Maryland continued its aggressive implementation of health care change Thursday despite uncertainty surrounding the issue nationally, as the General Assembly passed legislation to create open markets where people will buy insurance.
The law to set up the health benefit exchanges was sent to Gov. Martin O'Malley, who supports the legislation.
Passage of the bills in the House and Senate comes as the U.S. Supreme Court is deciding whether it is constitutional to require everyone to have insurance, a key component of President Barack Obama's overhaul of the health system.
"The Affordable Care Act offers tremendous value to our state, and it is the law of the land," said Lt. Gov. Anthony G. Brown, who is leading the state's effort. "Maryland intends to meet federal deadlines for establishing our health benefit exchange and must take steps now in order to utilize over $34 million in federal grants."

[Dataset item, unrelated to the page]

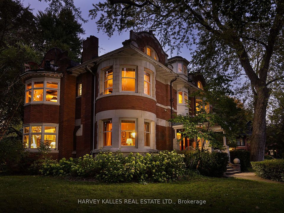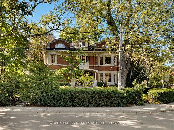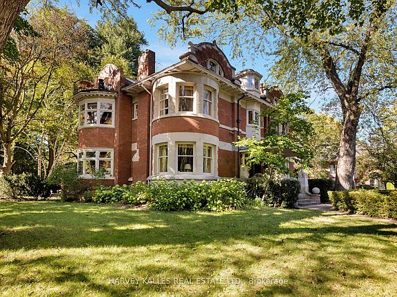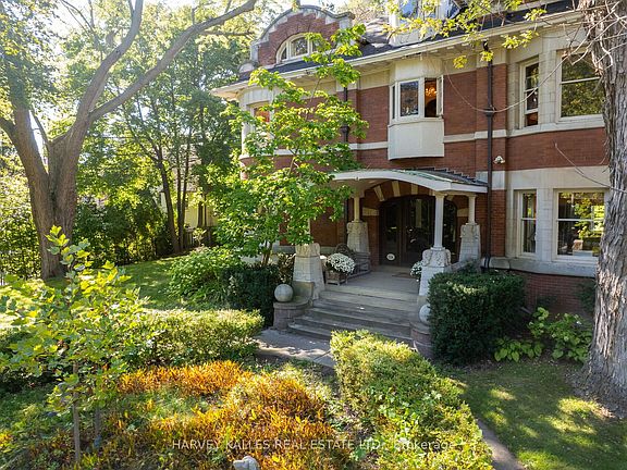 Nestled in Toronto's prestigious Rosedale neighbourhood, this landmark mansion occupies an expansive 100' x 122' estate-sized lot and offers over 7,500 square feet of impeccably designed living spaces. With 7 + 1 generously proportioned bedrooms, 8 bathrooms, and an exceptional third-floor loft, this grand residence seamlessly blends historic architecture with the scale, elegance, and functionality. Originally built circa 1900 for the distinguished Applegate family, the home has been meticulously restored and thoughtfully maintained to preserve it's architectural heritage including a self portrait stain glass window of Mrs. Applegate herself. Drawing inspiration from the classical traditions of Italian Renaissance architect Andrea Palladiio - most notably his iconic Villa Rotunda in Vicenza, Italy - the home reflects timeless design and exceptional craftmanship. A majestic octagonal central hall, framed by twelve lonic columns, creates an unforgettable first impression and sets the tone for the rest of the residence. Throughout the home, rich period details abound: original oak hardwood floors, finely hand-craved oak mouldings and wainscoting, intricate millwork, and 6 fireplaces with decorative tile and brick hearths. The soaring 10-foot ceilings are adorned with ornate plaster crown mouldings, ceiling medallions, and oak-beamed details that speak to the home's historical significance. Expansive bow windows and beautifully preserved stained glass flood the interior with natural light and highlight the warm, elegant atmosphere. Outside, the property is a private oasis, surrounded by mature trees, lush landscaping, and tranquil gardens that offer rare serenity in the heart of the city. A detached two-car garage and additional parking for three vehicles provide added convenience. This is a once-in-a-generation opportunity to own a truly iconic Rosedale residence - an architectural treasure steeped in history and timeless charm.

The legislation passed by state lawmakers will guide how the exchanges are operated. It outlines the types of health and dental plans that will be offered and looks at ways to prevent fraud in the system. The bill also addresses ways to reduce costs and improve the quality of the plans after the first two years.
The mandate to buy coverage doesn't go into effect until 2014, when all states will be required to operate exchanges where the uninsured can buy coverage.
About 700,000 Marylanders, or 13 percent, are uninsured, and officials expect at least half to gain some kind of coverage. That would save the state about $1 billion over a decade.
"We think this is a tremendous public health victory for Maryland," said Vincent DeMarco, president of the Maryland Citizens' Health Initiative, a group that works to expand health coverage. "It will help make health care more affordable for all Marylanders."